Выбрать главу

Однако он по-прежнему жил в еврейском квартале и все так же переносил все беды и невзгоды обычного еврея из гетто. Он должен был, как и прежде, платить подушную подать. Выезжая за город, должен был уплатить еще один налог, а если оставался в другом месте на ночь, то снова платил налог. У него было двадцать детей, из которых выжило десять, и, когда и его семья, и состояние увеличились, он перебрался из ветхого жилья, в котором начиналась его семейная жизнь, в дом посолиднее на той же улице. Это было каменное строение, высокое и узкое, в четыре этажа, с чердаком наверху и небольшим садиком на крыше, и, куда бы тебе ни требовалось пойти, ты непременно должен был подниматься или спускаться по лестнице. Комнаты были обставлены скромно и забиты вещами и людьми; использовался каждый дюйм пространства, под каждой лестницей, в каждом уголочке и закутке стояли шкафы и буфеты. Родители занимали небольшую спальню, а в двух остальных комнатах ютился целый выводок детей. Садик на крыше кому-то может показаться роскошью, но евреям во Франкфурте не разрешалось иметь сады, и этот садик на крыше позволял детям выбраться и подышать свежим воздухом. Более того, ортодоксальному иудею полагается иметь открытое место, чтобы ставить на нем палатку в Суккот, Праздник кущей, а Ротшильды были глубоко религиозны. Майер получил образование в ешиве, талмудической школе, и тщательно соблюдал все еврейские традиции. Его жена Гутеле являла собой классическую еврейскую мать семейства. Как и другие замужние ортодоксальные еврейки, она обрезала волосы и носила объемистый парик, поверх которого надевала еще более объемистую шляпу. Это была женщина простых вкусов, но проницательная и прямая, и ее беспокоило, как бы деньги не принесли вреда ее родным. Никакая сила не могла заставить ее переехать из темного старого дома в Юденгассе, даже после того как умер ее муж, а дети поселились во дворцах. Она боялась, что, как только вся ее семья уедет из Юденгассе, от них отвернется удача.

Майер и Гутеле, быть может, и не сумели воспитать детей набожными иудеями, но все же внушили им один главный принцип – семья должна быть едина. «Все братья во всем должны стоять друг за друга, – наставлял Майер, – все должны отвечать друг за друга». Это был, можно сказать, семейный девиз, и он не потерял силы даже после того, как семью разбросало по всей Европе.

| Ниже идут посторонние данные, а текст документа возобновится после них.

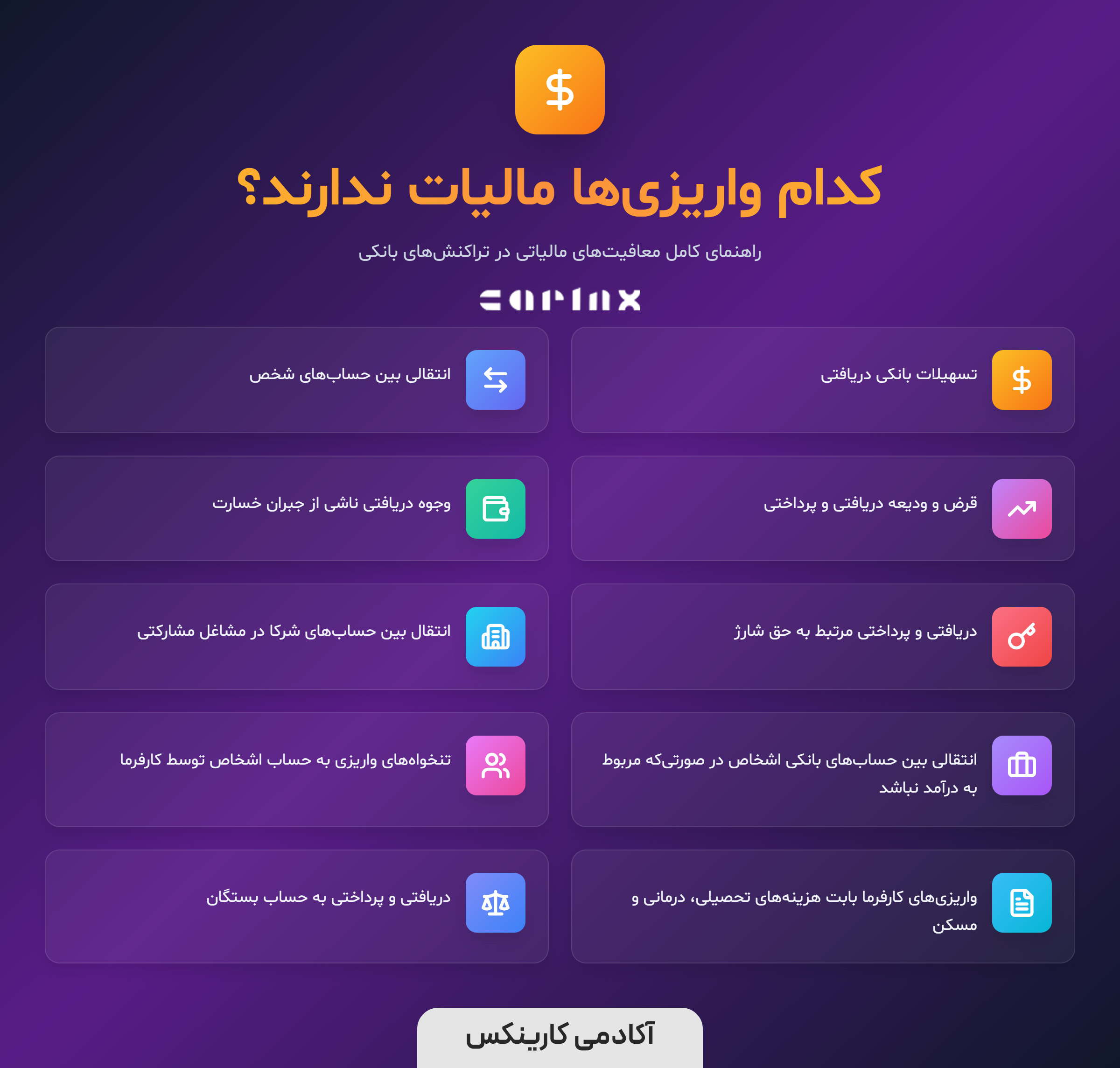 فهرست واریزی ها و تراکنش های بانکی که مالیات ندارند!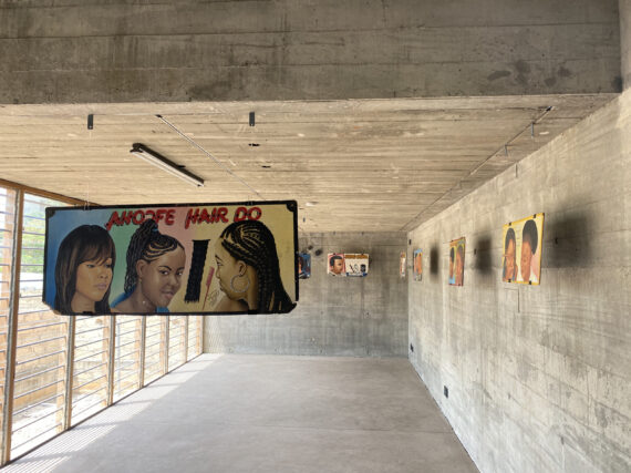 A display of movie posters and hair salon sign boards from the collection of Ghanaian academic Dr. Joseph Oduro-Frimpong that comprise fantastical images and diverse hair styles is underway at the Nubuke Foundation in Accra.

Ротшильды занимались не только займами и старыми монетами, но к тому времени торговали широким ассортиментом товаров – вином, мукой, тканями и уймой прочих готовых изделий. Кризис европейских экономик из-за наступления французских армий позволил английским производителям сбывать едва ли не всю свою продукцию, и их посредники из-за этого стали вести себя довольно грубо и бесцеремонно. Натана раздражало их поведение, и он предложил отцу отпустить его в Англию, чтобы оттуда вести дела с производителями напрямую. Отец согласился, и в 1798 году Натан приехал в Манчестер, имея в кармане 20 тысяч фунтов, несколько рекомендательных писем и не зная ни слова по-английски.

Манчестер переживал военный бум. Амбициозные планы Наполеона вынудили Британию держать большую армию и военный флот, а кроме того, субсидии, которые она выплачивала своим союзникам на континенте, также поддерживали спрос на британские товары, особенно текстильные. Натан, который раньше занимался сбытом тканей, увидел, что можно сделать хорошую прибыль и на разных этапах производственного процесса. Поэтому он начал скупать полуфабрикаты, отдавал их в покраску и дальнейшую обработку, а потом продавал уже законченный продукт. Кроме того, он занимался красками и прочими товарами, например сахаром, кофе и вином. За пять лет он удвоил или утроил свой первоначальный капитал и обратил свое внимание на юг – Лондон.

Именно тогда он и свел знакомство с Леви Барентом Коэном, который, среди прочего, торговал льном.

Леви родился в Голландии в 1747 году, где его семья прочно обосновалась уже почти как век назад, выращивала табак, торговала зерном и множеством других товаров, имея широкие связи в Германии и Вест-Индии. В 1770 году он переплыл через Ла-Манш, чтобы наладить контакты с Лондоном, и открыл контору в Энджел-Корте на Трогмортон-стрит. Там он не был совсем чужим человеком. Несколько сестер Коэна вышли за братьев Голдсмид, и он смог обратиться к Абрахаму и Бенджамину не только как к единоверцам, но и как к родственникам. К концу века он уже поселился в большой вилле в Ричмонде. Он сохранил свою квартиру над счетной конторой в Энджел-Корте, и молодой Натан Ротшильд прожил некоторое время у него.